Having considered the prosecution case in its entirety I find the conviction of both appellants on basis of that evidence was very unsafe.   Since the APs and the OCS Muranga failed to itemize the goods that had been recovered from the appellants, it is not possible to state that the goods that were identified by PW 1 and 2 in court were the same goods that were recovered.  I therefore beg to disagree with the learned magistrate’s considered judgement when he stated;-

“The said goods were recovered after hours after the break in and theft had occurred and the said goods were positively identified by the complainants.  They produced receipts from their wholesalers and the same were not challenged.   The doctrine of recent possession is aptly applicable in the present case and this provides a clear link to the accused having committed the offence.”

The appellants in their defence stated that they were going to work when they were asked by PW 5 and his colleague to carry the bag which was said to contain the items of goods recovered.  I do agree with the learned State Counsel Ms.
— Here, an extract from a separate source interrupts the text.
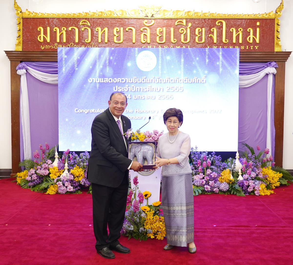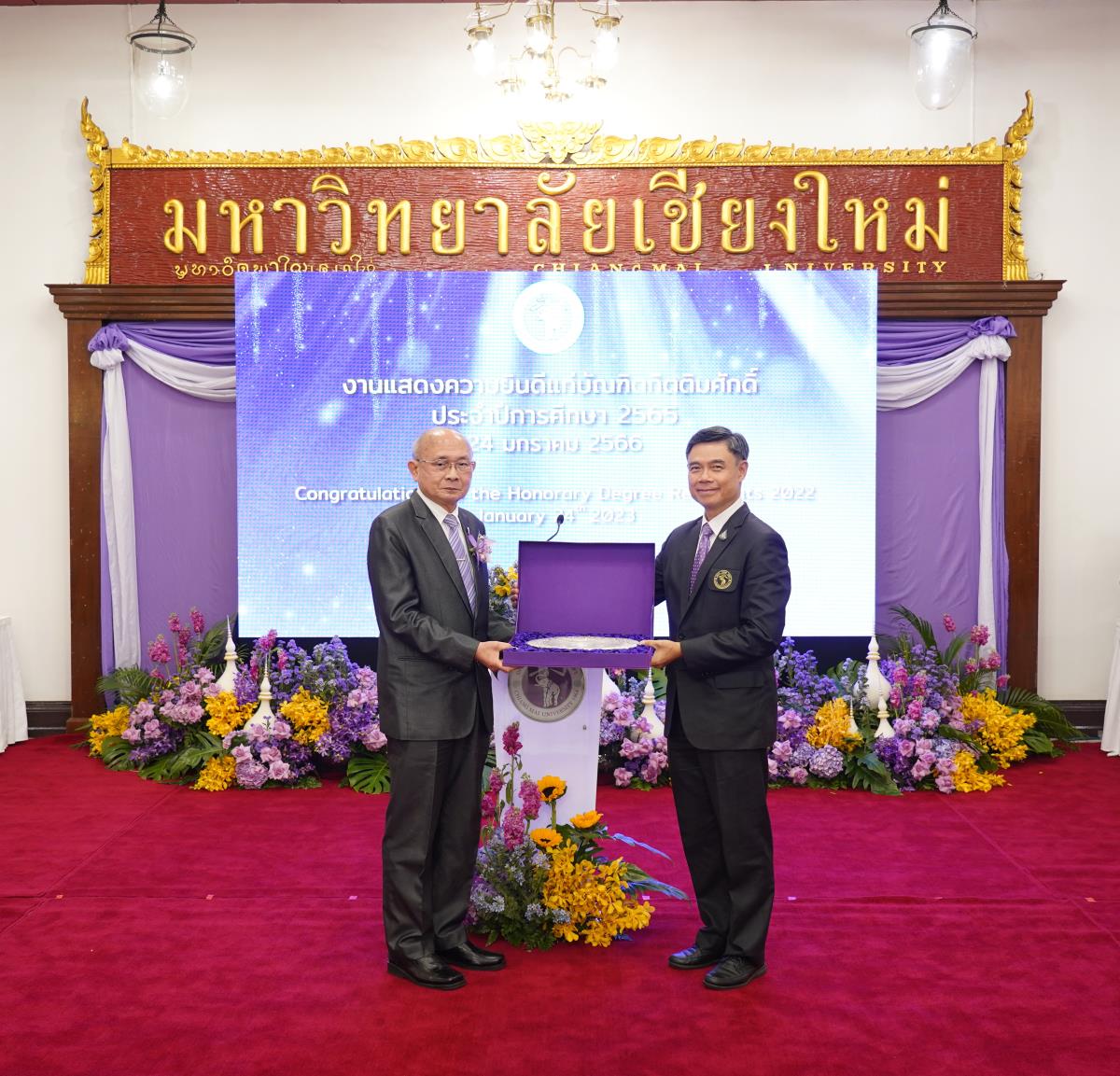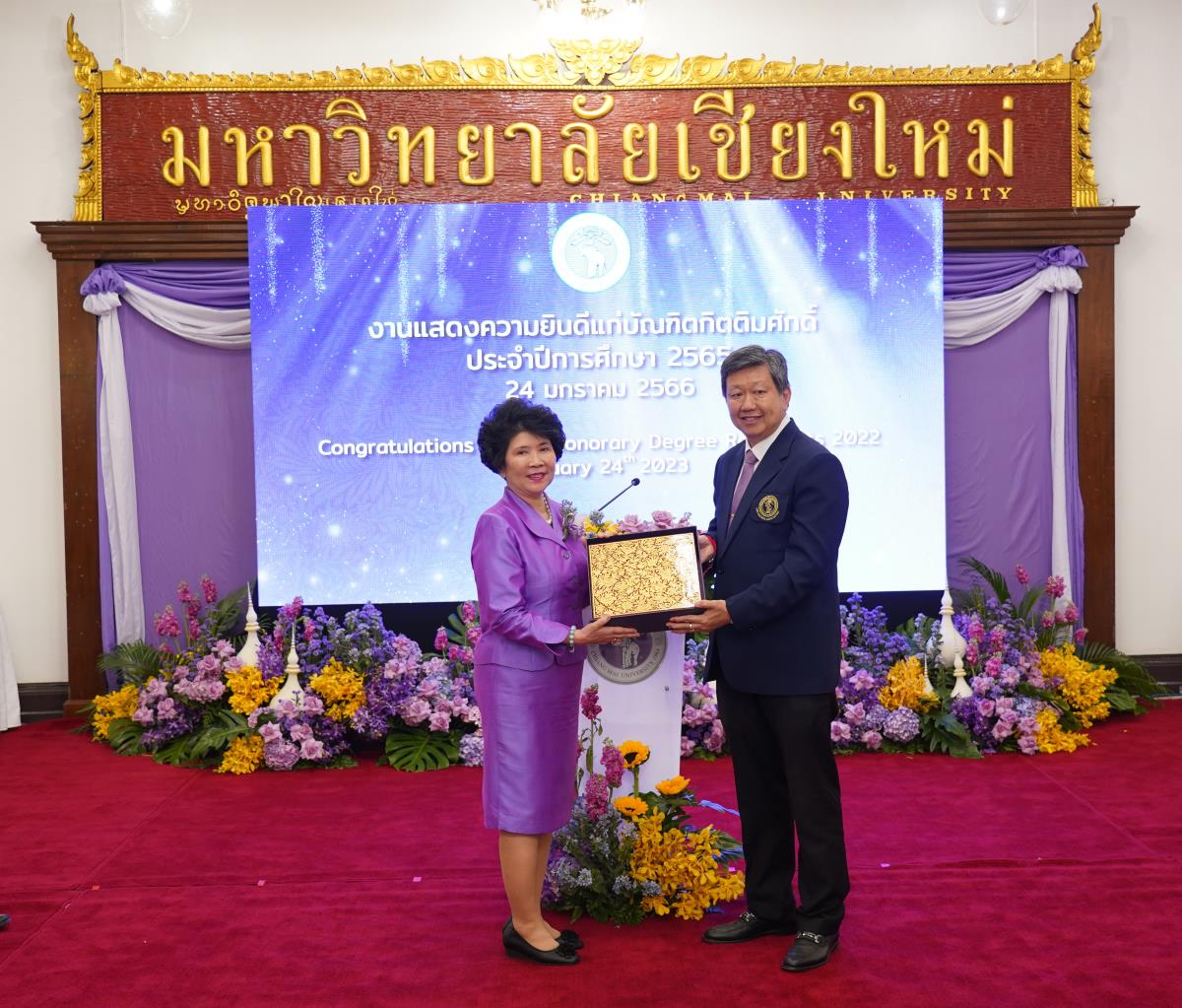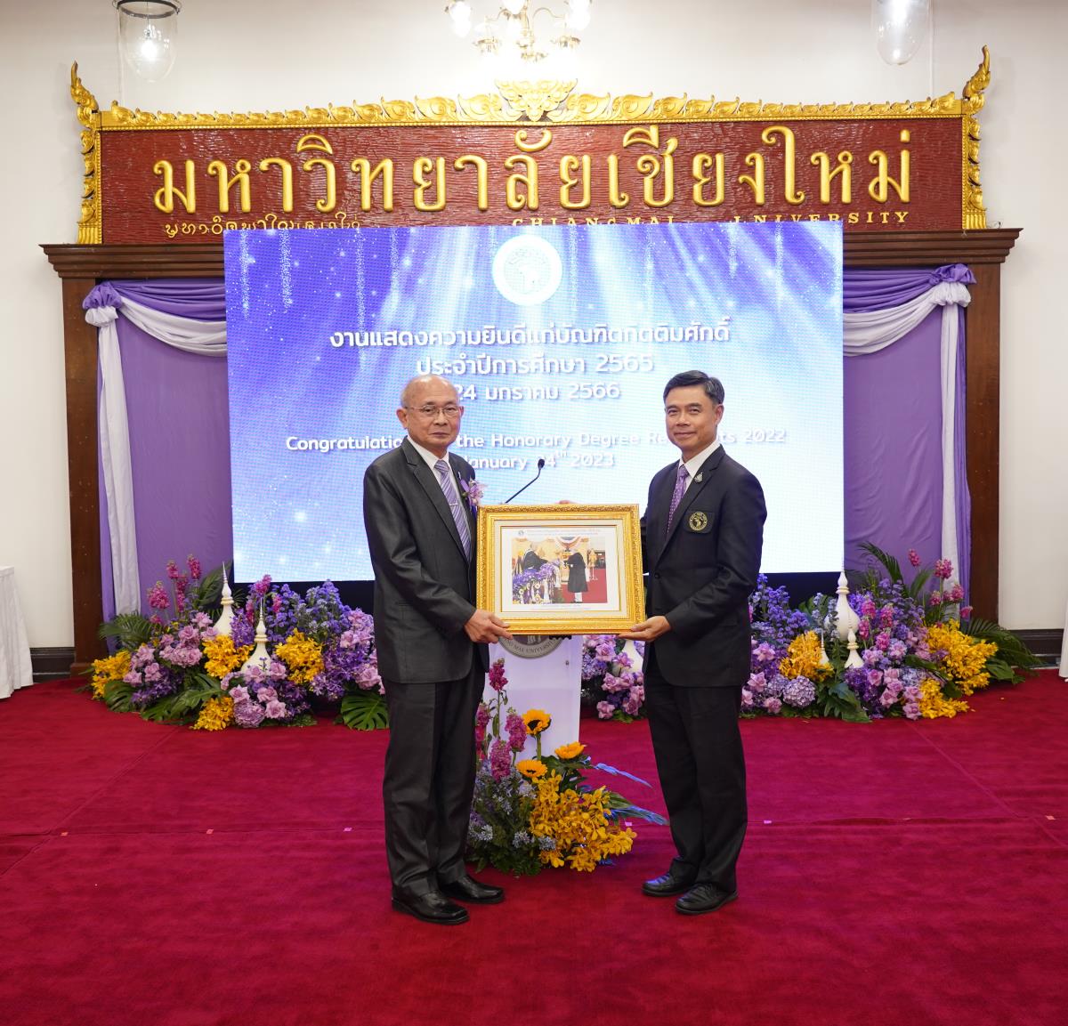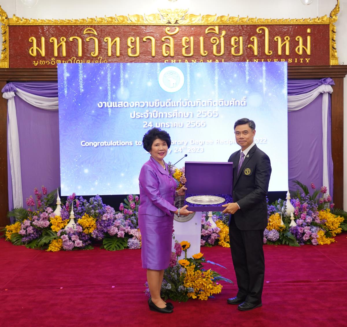 มหาวิทยาลัยเชียงใหม่ จัดงานแสดงความยินดีผู้ที่ได้รับพระราชทานปริญญากิตติมศักดิ์ ในงานพิธีพระราชทานปริญญาบัตร ครั้งที่ 57 ประจำปีการศึกษา 2564-2565 โดยมีศาสตราจารย์เกียรติคุณ นายแพทย์เกษม วัฒนชัย นายกสภามหาวิทยาลัยเชียงใหม่ กล่าวแสดงความยินดี มอบเกียรติบัตร และมอบดอกไม้ ศาสตราจารย์ ดร.นพ.พงษ์รักษ์ ศรีบัณฑิตมงคล อธิการบดีมหาวิทยาลัยเชียงใหม่ กล่าวต้อนรับและมอบของที่ระลึก แก่ผู้ที่ได้รับพระราชทานปริญญากิตติมศักดิ์ ณ ศาลาธรรม มหาวิทยาลัยเชียงใหม่ เมื่อวันอังคารที่ 24 มกราคม 2566

Ngalyuka that the line of defence offered by the appellants was a weak one, but bearing in mind that it is not for the defence to prove their innocence but rather it is for the prosecution to prove their case beyond reasonable doubt, I do find that the resultant conviction by the lower court was not safe.  On that basis the conviction by the lower court is hereby quashed and the sentence against the appellants is hereby set aside.
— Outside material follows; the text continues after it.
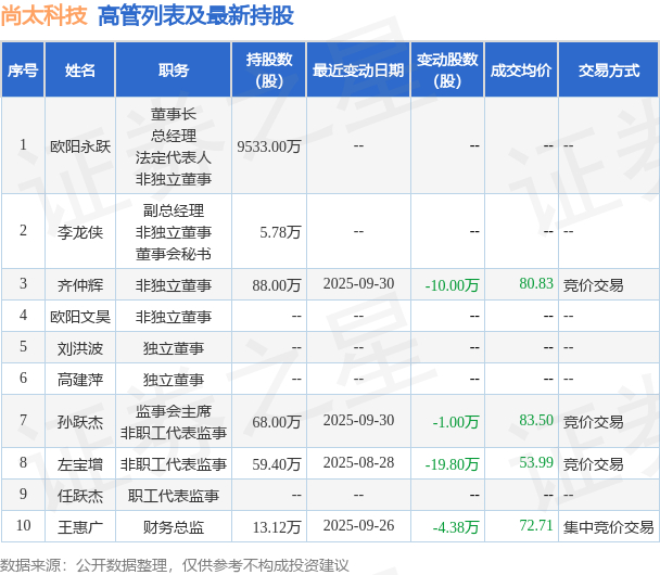 证券之星消息,根据10月30日市场公开信息、上市公司公告及交易所披露数据整理,尚太科技(001301)最新董监高及相关人员股份变动情况:2025年10月29日公司监事孙跃杰共减持公司股份1.0万股,占公司总股本为0.0038%。变动期间公司股价上涨6.71%,10月29日当日收盘报88.6元。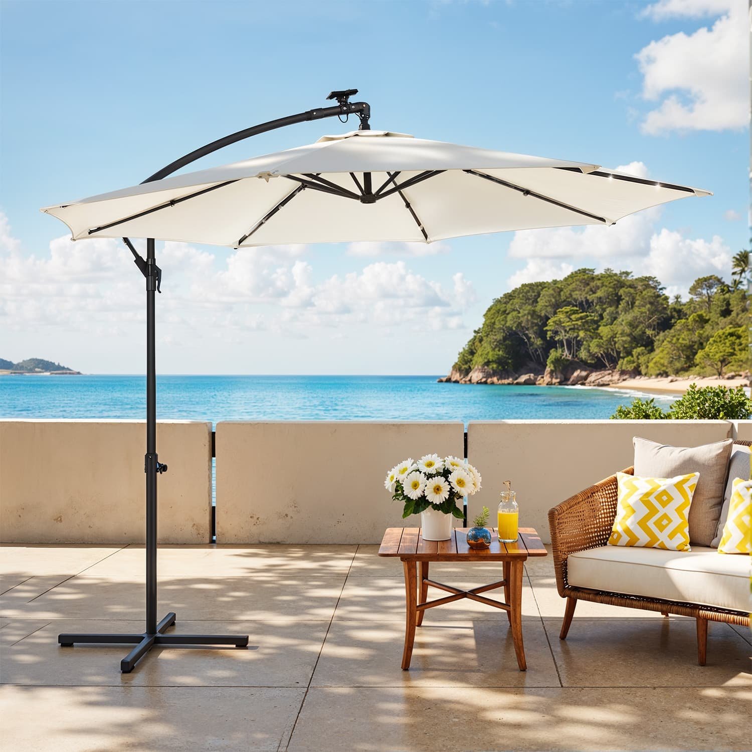 Cool by Day, Romantic by NightBrunch with friends on the terrace, a carefree afternoon with the family in your yard, a romantic dinner with your better half in the garden…this garden parasol makes every one of your ideas come true! It offers strong UV protection of UPF 50+, soft lighting thanks to 32 LED lights, and high stability in light winds. You’ll be able to enjoy the fresh air outdoors all day long!Specifications:- Colour: Beige- Material: Powder-Coated Metal Pole, 180 g/m² Polyester Fabric- Canopy Diameter: 3 m- Height: 2.45 m- Product Weight: 14.1 kgPackage Contents:- 1 x Solar Cantilever Parasol- 1 x Solar Panel- 1 x Cross Base- 1 x InstructionsSONGMICS Notes:- Add weights of 70-90 kg (not included) to your existing umbrella stand to enhance overall stability.- Do not open the umbrella with force, the crank mechanism needs a slow and light opening.- Close the parasol during nights, windy or rainy days to avoid damage to the product.

Above all this, the appellants constitutional rights were violated because they were arrested on 31st October 2006 and detained in custody until the day they were presented in court on 6th November 2006.  In total the appellants were detained in custody for five days in contravention of Section 72(3)(b) of the Constitution.  The jurisprudence of the following cases:-

·    Criminal Appeal No. 35 of 2006 Paul Mwangi Murungu v Republic

·    Criminal Appeal No. 120 of 2004 Albanus Mwasia Mutua Vs. Republic

·    Criminal Appeal No. 119 of 2004 Gerald Macharia Githuku Vs. Republic

Clearly shows that the violation of a person constitutional rights will lead to the acquittal or the quashing of a conviction of that person.  I do hereby quash appellant’s conviction and set aside their sentence.  I do hereby order that the appellants be released from custody unless otherwise lawfully held.